Millennium Actress
I almost did not go to Satoshi Kon’s masterful animated film
Millennium Actress. When I first heard on Thursday that the film was being screened here this week, I made the decision not to go; other than Hiyao Miyazaki, I’m just not a big fan of Japanese animation, though I’ve seen plenty of anime on television and on DVD/VHS. However, I changed my mind after an AIM conversation with Phyrephox on Friday night, and I’m glad that I went, as
Millennium Actress has taken it’s place as my second favorite movie of 2003 (I guess it’s being released on DVD sometime within the next week or two for anyone who is interested).
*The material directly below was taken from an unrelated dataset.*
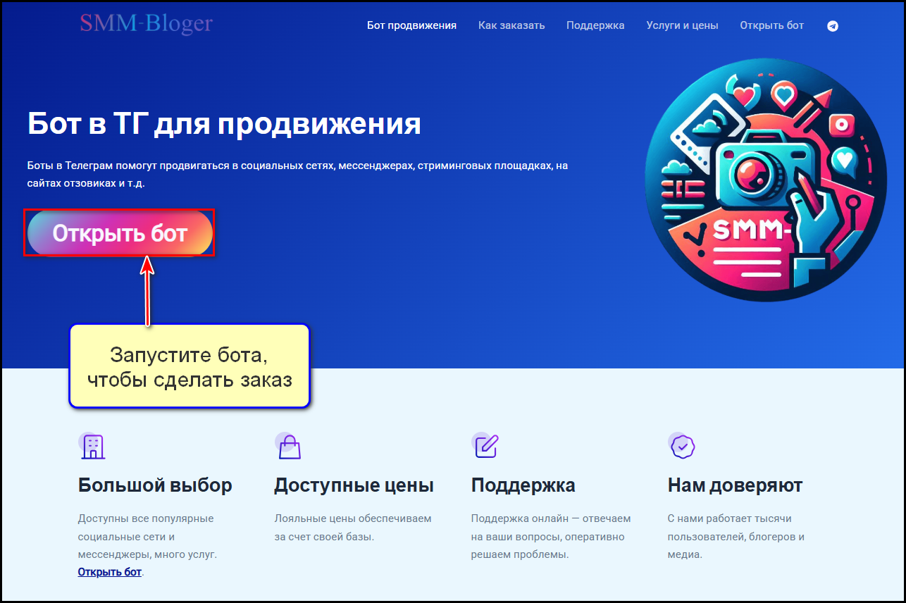 @SMM_Bloger_TOP_bot — удобный Telegram-бот с широким выбором услуг для соцсетей. Низкие цены, мгновенная обработка заказов, гарантия на услуги и круглосуточная техподдержка — всё для эффективного продвижения.

The film is about a pair of documentary filmmakers, the middle-aged Genya Tachibana and his much younger cameraman Kyoji, who have arranged to meet and interview a reclusive former film star from the golden era of Japanese cinema, Chiyoko Fujiwara, who mysteriously and abruptly retired from acting at the height of her career. This premise allows Kon to plunge the trio, as well as the audience, into Chiyoko’s memories, along the way erasing the boundary between factual, objective reality and subjective fantasy. All frames of reference are carefully swept away, the film, taking full advantage of the plastic space-time properties of animation, abruptly changes time periods (from 15th Century Japan to the present day, spanning almost every major period of Japanese history in the interim), and seamlessly switches locales, moving back and forth between the present, the “real life” events of Chiyoko’s past, and historical sequences which Chiyoko, and various other characters, inhabit as if it was a lived-in reality (for convenience sake, I’m going to refer to these scenes as “film-reality”). Of course the boundaries between all three are quite fluid, when the viewer becomes accustomed to one level of reality, the film switches gears, moving the events to another reality entirely. One quickly realizes that the central narrative thread of the film, Chiyoko’s never-ending search for a young artist/political radical that she fell in love with when she was 17 (though she never learned his name, or clearly saw his face, which is plunged into shadow every time he appears on screen, he gives her a key, which is a “key to the most important thing in the world”), is an archetypal cinematic narrative of undying, romantic love, and not only does it appear in the reality of Chiyoko’s life, but time after time, it appears in the film-reality sequences, across genres, from jidaigeki, to gendaigeki, from monster films, to science-fiction.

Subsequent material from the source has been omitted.